Tuesday, December 13, 2005

Top Five Least Funny Americans of 2005

I love lists. In December I love year-end lists. The more, the merrier and ho, ho, ho. As you may recall, 2005 wasn't the funniest year on record. And to mark the occasion, I will briefly recap with a list of 2005's Top Five Least Funny Americans:

5. Michael Brown - Did a heckuva job managing Katrina, but really couldn't have been less funny about it. Never took the lead from crackups like Cheney (telling a senator to go fuck himself on the senate floor might never be topped in that building) or his boss Georgie (too numerous to mention). C'mon, Brownie. All those emails where people are pleading for assistance inside a SuperDome piled high with human waste? Couldn't he have made at least one doody joke? Your name is Brown, for fuck sake.
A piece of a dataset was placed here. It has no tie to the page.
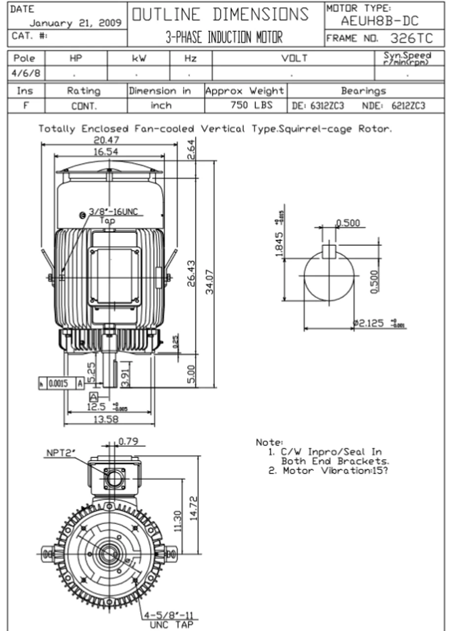 - NEMA 326TC Frame, 5 x 2 1/8″ Dia. Keyed Shaft

4. David Spade/Rob Schneider - These two must be part of the same scam. Certainly nobody pays to see them or laughs at anything they do or say. Spade seems to have filled a whiny slacker comedy niche which might have been an alternate career for the fey Ethan Hawke character in "Reality Bites." And Schneider would be more fun to watch if somebody would shave his head, lube him up and shove him inside that Git 'R Done Guy's fat ass.

3. Kevin Federline - Here's another guy who has yet to live up to his potential hilarity. His UPN reality show with his cheez doodle machine, Britney, only underscored the banality of celebrity. Give me Jessica Simpson-like brain meltdowns or druggy Bobby Brown constipation talk with Whitney. I realize every pairing can't match the potency for humor as Brigitte and Flavor Flav, but I think we can safely coin a term for the barrier on which you are pathetic enough to be hilarious but boring enough to be easily ignored: the federline.

2. The Chicago Cubs - In a year after the Boston Red Sox won their first World Series in 86 years, the Cubs watched their cross-town rivals win their first World Series in 88 years and couldn't even muster as much as a snit fit about their North American sports league leading 97-year drought. You'd think at least someone affiliated with the team -- or maybe just Jim Belushi -- might have vomited in public or something.

1. Terri Schiavo - One of the most photographed, televised and talked about people of 2005, Schiavo inspired an unprecidented special session of Congress and sparked a national debate about the end of life. Her reaction to all of this? Nothing but slack-jawed drooling and random eye movements. Jesus Christ, Terri. Sit there like a potato, why don'tcha. You think you could have risen to the occasion just a little?

2 comments:

Anonymous said...

Cubs (and fans) didn't riot, vomit or react after the Sox win because the Sox are still too boring to merit a response. And Sox fans were too busy beating up on helpless women in the stands to notice.

Anonymous said...

Best impression of Harry Caray was Robert Wuhl: "Look at that guy in the sombrerrrrro!"